Justice's body was sent to the State Medical Examiner's Office in Pearl. Preliminary findings from Justice's autopsy in Jackson indicate he died from trauma from the crash and not from any medical condition, according to Monroe County Coroner Alan Gurley.



A meticulous person


It's not something that either Larson or her stepsister Kim Hays ever expected would happen.


"He was just such a meticulous person," said Hays, who lives in Birmingham.


Still, both Larson and Hays said it was the way he would have wanted to go.


Larson's father had died when she was just a baby, and Justice married her mother when Larson was 4. Ever since, Justice was her dad, Larson said.


"He's never treated me any differently than his two other children," Larson said.


Both she and Hays remember him taking them on joyrides in his planes growing up.
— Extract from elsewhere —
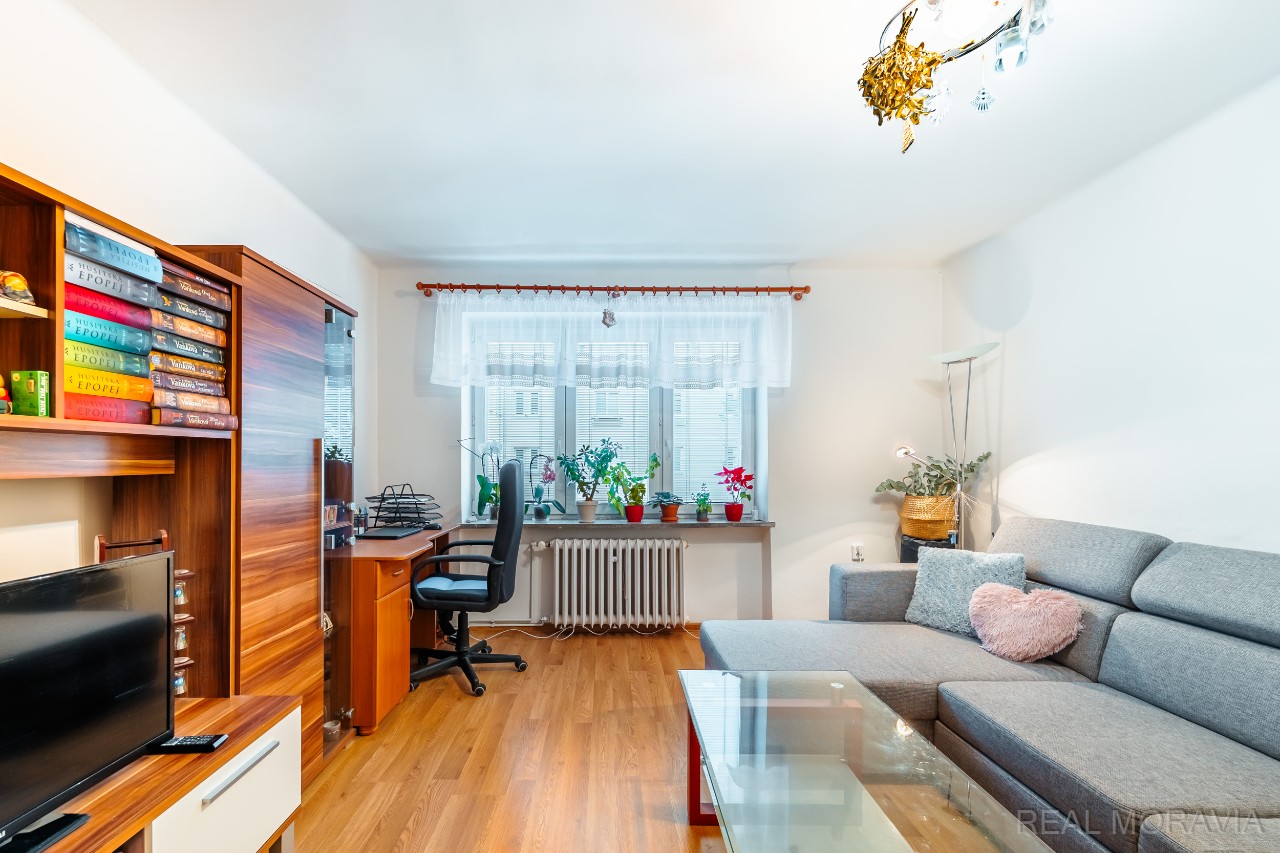 Nabízíme k pronájmu pěkný prostorný byt 2+1 v menším bytovém domě v Olomouci, ul. Za poštou, blízko nákupního centra Šantovka. Byt se nachází v 1.patře čtyřpodlažního domu bez výtahu, má výměru 55,1 m² a je po rekonstrukci v r. 2016 (vnitřní dveře, kuchyň, koupelna, podlahy, částečně elektroinstalace, částečně omítky). V domě je celkem 12 bytů, dům je po celkové revitalizaci (fasáda, zateplení, střecha, stupačky, okna, vstupní dveře, společné prostory). V bytě se nachází velká předsíň s oknem (věšáková stěna, botník), koupelna (vana se sprchovací zástěnou, umyvadlo, otopný žebřík), samostatné WC s oknem, prostorný obývací pokoj (sedačka, skříňky, stolek), kuchyň s jídelním koutem (vestavěné skříně, plyn. sporák s el. troubou, digestoř, lednice s mražákem, stůl a 4 židle), spíž (s pračkou), ložnice (vestavěná skříň, manželská postel, prac.stůl + židle). Na podlaze podlahové PVC (chodba, kuchyň), plovoucí podlaha (pokoje) a dlažba (koupelna a WC). Okna plastová, žaluzie, osvětlení ve všech pokojích. Vytápění a ohřev vody – samostatný plynový kotel, samostatné měřiče energií. K bytu patří společný balkon na chodbě a velký sklep 16 m². Přípojka na internet, pevná linka. Ve vnitrobloku za domem k dispozici dvůr se zahradou. Byt se pronajímá se částečně zařízený. Parkování na ulici před domem, nebo na parkovišti vedle domu. Orientace pokojů na jih (do ulice Za Poštou), kuchyň na sever (do vnitro bloku). V blízkosti MHD, obchodní centrum Šantovka. Volný od 1.5.2026. Měsíční nájemné 15 000 Kč + zálohy na energie a služby 3500 Kč. Majitel požaduje vratnou kauci ve výši 1 měs. nájmu vč. energií, provize RK ve výši 1měsíčního nájmu. Majitel preferuje zájemce bez domácích mazlíčků, nekuřáky, bez zatížení exekucí či insolvencí. Dlouhodobý pronájem. Kompletní informace o stavu nemovitosti obdržíte u makléře, veškeré uvedené údaje jsou pouze informativní. V případě více zájemců si majitel vybere, s kým uzavře rezervační smlouvu. PENB D.

Once when Hays was 12 or 13, she had a friend over while Justice was watching football, and the two of them began badgering Justice to take them for a ride.


"We just kept on, 'Daddy, take us flying, take us flying,'" Hays remembered.


Justice was outgoing, cheerful and funny, they said. He loved telling stories, making people laugh and -- according to Larson -- embarrassing his children.


"He was a really great storyteller," Hays said. "He had a repertoire of stories. ... He was just really a people person. He loved people."


Larson emphasized her stepfather was one of the best pilots in the area. He worked for years as a commercial pilot first for Amory Garment, then for North American Classics out of Jackson and last from Stanley Smith Drywell in Alabama. He also was a flight instructor. Even after his retirement as a commercial pilot from Stanley Smith Drywall about four or five years ago, he would fly at least once a week.


"We would say, 'Daddy, you're 73, you need to retire'," Hays said. "He would say, 'No, I don't want to. This is what I love to do.'"


Larson said her family is keeping the family of the deceased passenger in their thoughts and prayers.